Remix.run Logo
jiggawatts 9 hours ago

Yes, but also I've found that using a decently scalable engine is insufficient for a good outcome without the scaled data.

The best software I've written always had > 10 GB of existing data to work with from day one. So for example the "customers" table didn't have one sample entry, it had one million real entries. The "products" table had a real history of product recalls, renames, category changes over time, special one-off products for big customers, etc...

That's how you find out the reality of the business instead of some idealised textbook scenario.

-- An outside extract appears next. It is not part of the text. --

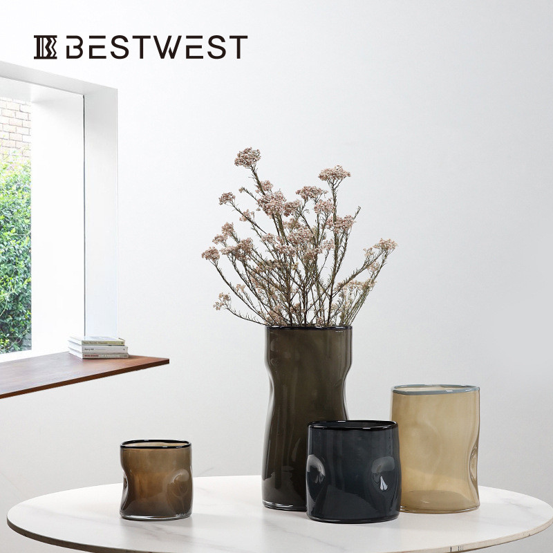 热销博西家居茶绿色直筒按坑玻璃花瓶现代简约高级感轻奢插干花摆

Things like: Oh, actually, 99% of our product SKUs are one-off specials, but 99% of the user interactivity and sales volume is with the generic off-the-shelf 1% of them, so the UI has to cater for this and database table needs a "tag" on these so that they can be filtered. Then, it turns out the filtering 10 million products down to 100K has non-trivial performance issues when paging through the list. Or even worse, 50% of the products are secret because their mere existence or their name is "insider info" that we don't want our own staff to see. Did I say "staff"? I meant subcontractors, partners, and resellers, all with their own access rules and column-level data masking that needs to be consistent across dozens of tables. Okay, let's start going down the rabbithole of column naming conventions and metadata...

You can't predict that stuff in a vacuum, no human has the foresight needed to "ask the right questions" to figure this all out through workshops or whatever. The ground-truth reality is the best thing, especially up-front during the early phases of development.

A lot of the above is actually easy to implement as a software developer, but hard to change half-way-through a project.